Çayırlardan bahar çiçekleri, otlar toplanılır, bu otlar akşam küçük çocukların yıkanma suyuna katılırdı. En çok taze kekik ve gelincik çiçekleri konulurdu. Bu suyla yıkanan küçük çocukların “A benim kekik kokulu kuzum, a benim gelincikten güzel kızım” diye övülmesi Hıdırellez kültürünün halk diline düşmüş bir başka tatlı yansımasıdır. O gece ateşin etrafına toplananlar ev ev gezip toplanan yüzük, küpe, iğne, düğme, gül, para veya tokayı derin bir testinin içine atıp üstüne gül ve su konup ağzı kapatılıp gece gizlice bir gülün dibine saklanırdı. Gece kızların sakladıkları küpleri delikanlılar bulup muziplik olsun diye içine hayvan pisliği koyarlar, aynı yere saklarlardı.

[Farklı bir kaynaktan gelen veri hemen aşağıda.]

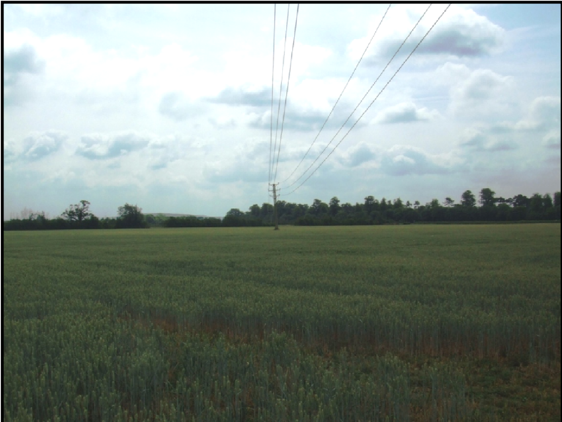
Plate 1: View of typical farmers fields at Bicester, with 33kv overhead cable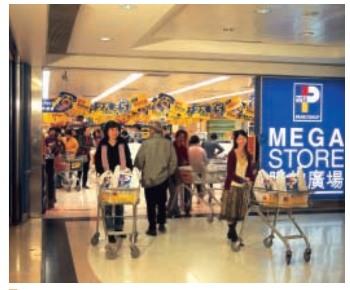
PARKnSHOP's megastore concept combines variety, value, convenience and shopping comfort for Hong Kong consumers.

The PARKnSHOP supermarket chain in Hong Kong continued to be affected by the deflationary economy and also SARS. Although it maintained its leading market share and continued to expand in new areas, its sales and EBIT were adversely affected. PARKnSHOP's operations in the Mainland continued to expand and performed well, reporting increased sales and EBIT. Three additional large format stores were opened during the year and more are planned for this year.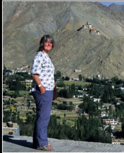
Above Leh, capital of Ladakh

Hıdırellez sabahı herkes toplanır, Kamara Tepe’ye çıkılarak salıncaklar kurulur, ızgaralar yakılır, evlerde sarılan dolmalar, zeytinyağlı soğuk mezeler hazırlanırdı. Kır sofrasında sıra testiyi açmaya gelince maniler eşliğinde testi açılırdı. Kız çocuklarından bir kişi tülbent ile kafası örtülüp küp içinden atılan şeylerden birini çeker ve yanındaki kız çocukları maniler okuyarak çekilen hediyeyi sahibine teslim ederlerdi. Daha sonra ip atlar, top oynarlar, şarkılar eşliğinde eğlenirlerdi.